DATA PROVIDED |
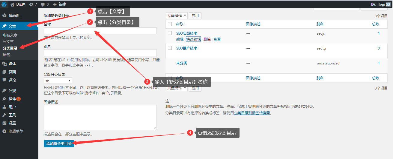 1、点击【文章】,点击【分类目录】,输入【新分类目录】名称,点击【添加新分类目录】,创建自己所需要得分类目录专栏,操作教程如下图:
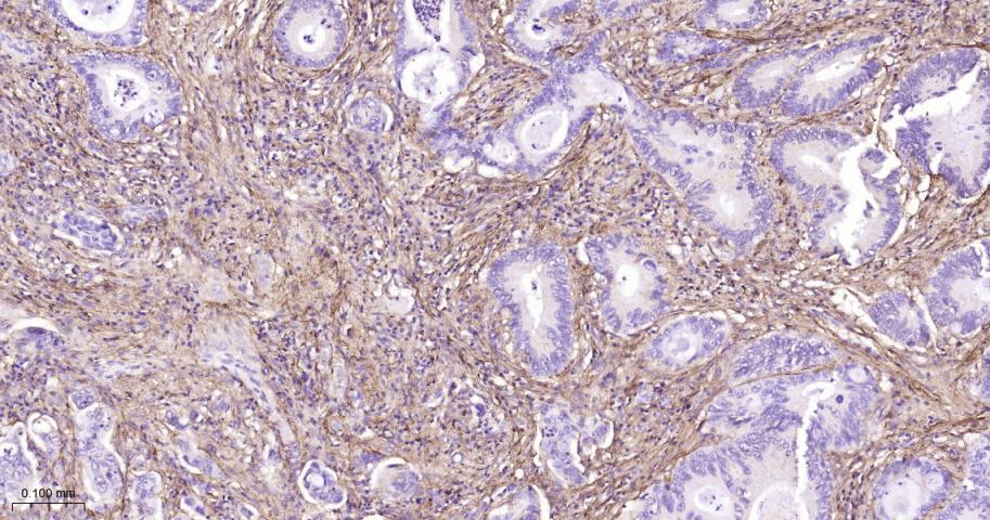 Paraformaldehyde-fixed, paraffin embedded Human Colon Cancer; Antigen retrieval by boiling in sodium citrate buffer (pH6.0) for 15 min; The section was incubated with Collagen III Monoclonal Antibody, Unconjugated (bsm-54793R) at 1:500 overnight at 4°C, followed by conjugation to the bs-0295G-HRP and DAB (C-0010) staining.
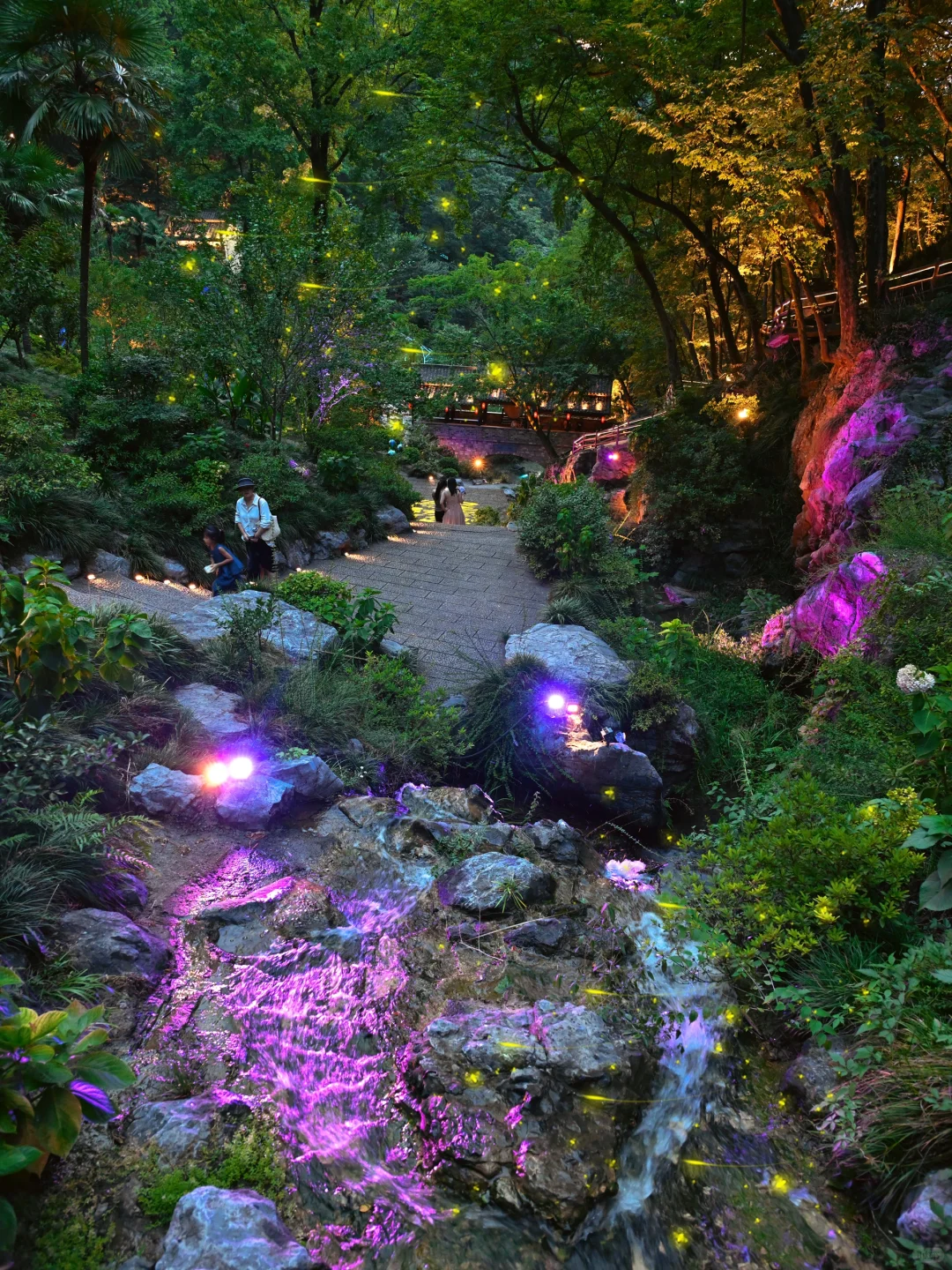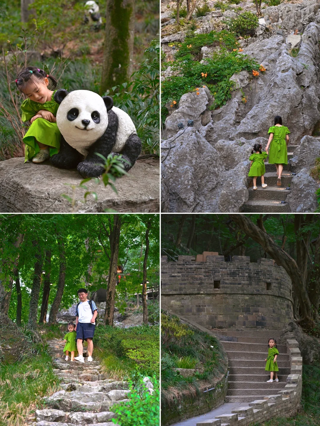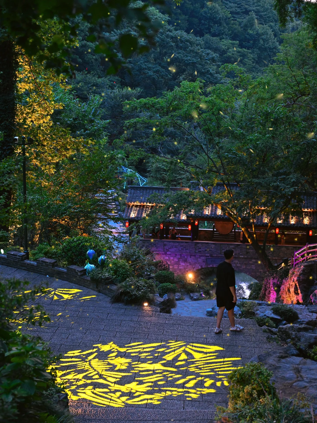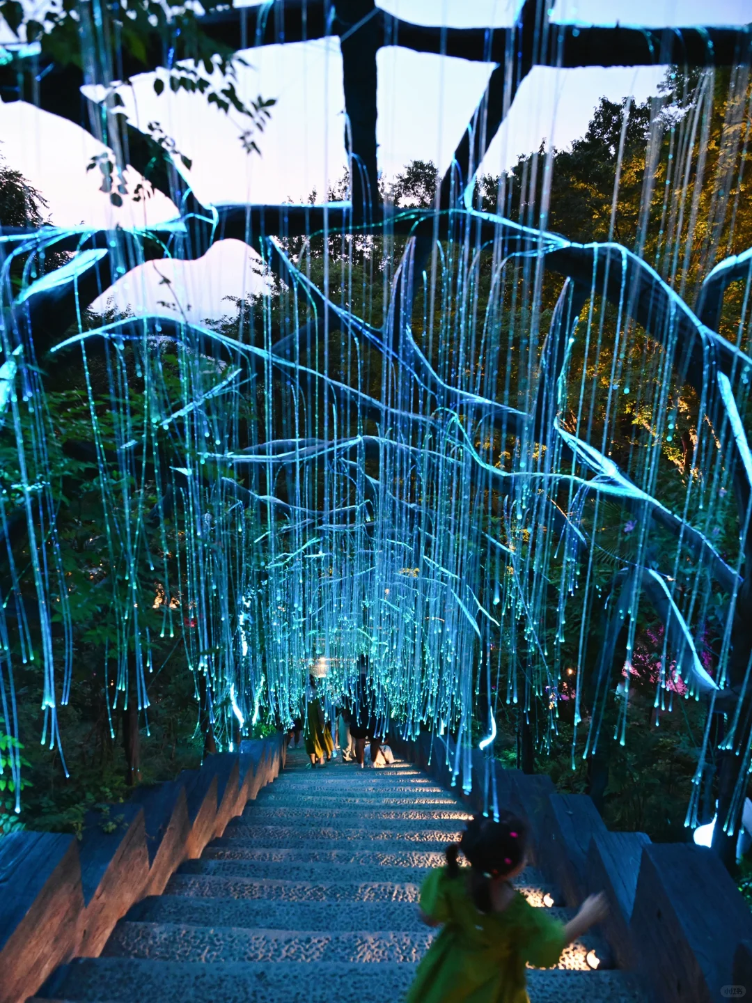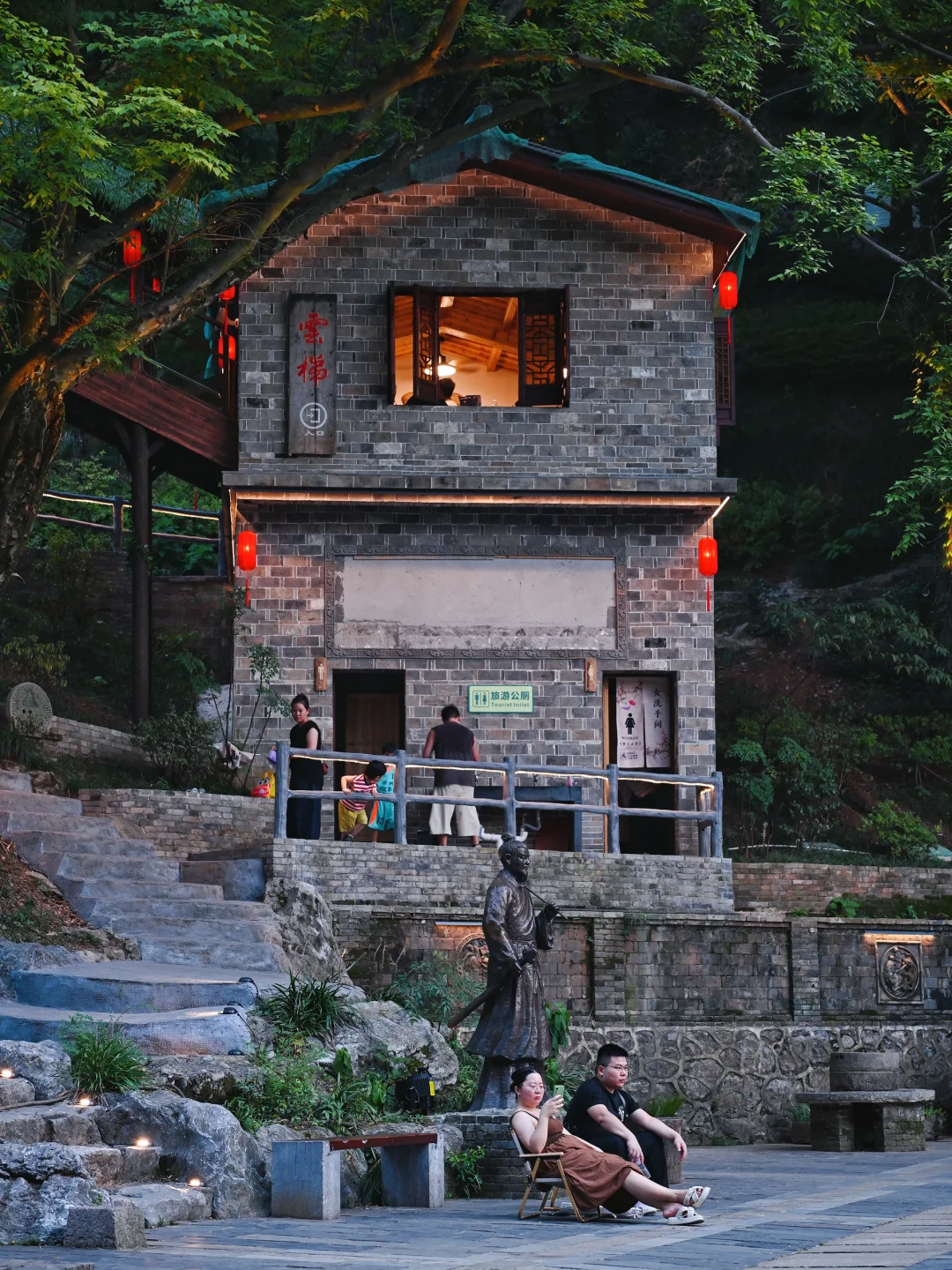 我们是傍晚17点去的忆江南,这样下山的时候刚好亮灯,又是另一种意境!!白天的风景跟夜间完全不同,虽然温度高,但是全程都是树荫完全不晒!上山可以坐2段云梯,下山可以坐玻璃滑道下来(17:40结束),不过也是要爬山的哦,要穿舒适的鞋子

WHAT TO DO |
Write the material above out again exactly as it reads, but don't carry over the pictures.

ANSWER BOX |
 1、点击【文章】,点击【分类目录】,输入【新分类目录】名称,点击【添加新分类目录】,创建自己所需要得分类目录专栏,操作教程如下图:
 Paraformaldehyde-fixed, paraffin embedded Human Colon Cancer; Antigen retrieval by boiling in sodium citrate buffer (pH6.0) for 15 min; The section was incubated with Collagen III Monoclonal Antibody, Unconjugated (bsm-54793R) at 1:500 overnight at 4°C, followed by conjugation to the bs-0295G-HRP and DAB (C-0010) staining.
 我们是傍晚17点去的忆江南,这样下山的时候刚好亮灯,又是另一种意境!!白天的风景跟夜间完全不同,虽然温度高,但是全程都是树荫完全不晒!上山可以坐2段云梯,下山可以坐玻璃滑道下来(17:40结束),不过也是要爬山的哦,要穿舒适的鞋子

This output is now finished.